I had a couple different templates I did up to try and get the most scratch lines. All I did was take a piece of wood that was the width of the track and skinny enough to fit between lugs and drilled through the wood for the template. Once the hole were in the wood I use chalk(or anything else to mark the track) and then begin drilling. Worked pretty slick.
Yep, took a piece of flat 2"steel stock either an 1/8 or 1/4 inch will work, (homedepot, menards lowes all have it) and cut it 18 inches long. Stick 1 1/2 inches of each end in a vice and bend it over 90 degrees . this should leave you with 15 inches in the middle. Take it over to your track and it should drop right down over your 15 inch track in between the raised lugs, with approx. an 1/12 hanging down on either side!-to anchir it in place.
You need to mark this steel template with some chalk take it back to the vice and drill through the steel where you want your pattern holes to be.
For the 3 studs per panel (144 studs) that I put in mine, we had a series of holes, and flipped the bar end for end every otyher panel to give us the "stagger" on the studs that you need. You lay the template on the track and run your 7mm track cutter through the holes in the template. (this will all make more sense I think when your looking at it, as opposed to here in writing, I'll have to see if i can get a picture of it to post.... It works slick, very durable, and costs under 3 bucks..... DooZ
I used a wooden yardstick with great success.... looked just like what I imagine Dooz's description looks like, except made from wood, and I used a paint marker to mark the spots on the track then drill them all at once.
I made mine outa aluminum coil stock worked great. i have a 192 stud pattern. i think i used card board or paper to make a pattern then traced it on the the coil stock.
Take your templates and throw them in the garbage.
All you have to do is pick the pattern you want and go for it!
Studding is not a beauty pagent, the uglyer the better.

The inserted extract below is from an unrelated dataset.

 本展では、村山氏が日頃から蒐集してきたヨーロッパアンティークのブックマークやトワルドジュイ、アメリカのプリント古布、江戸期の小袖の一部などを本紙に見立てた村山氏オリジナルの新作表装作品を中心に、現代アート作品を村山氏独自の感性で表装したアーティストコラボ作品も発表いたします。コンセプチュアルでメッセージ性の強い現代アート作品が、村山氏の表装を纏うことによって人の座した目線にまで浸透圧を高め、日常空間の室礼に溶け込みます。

Your hole shots will love you!
templates make it faster and besides you want your studs in the patter to not line up with other studs, just drillin holes won't work how ya know if there not lining up with another stud? the best traction is done by as few repeated studs as possiable in your design.
When you stud you jack the sled up so it's at eye level so you can look down the length of the track. This way you can see several set's of your pattern and eyeball the drill so you hardly ever repeat. With the "perfect" template you repeat scratch lines way too many times. :nervous:
If you are inexperienced at studding a sled then a template is the only way to go. But if you no what you are dooing and had experience studding I thing that dooing it free hand with a good pattern with the most scratch lines as possible will be better.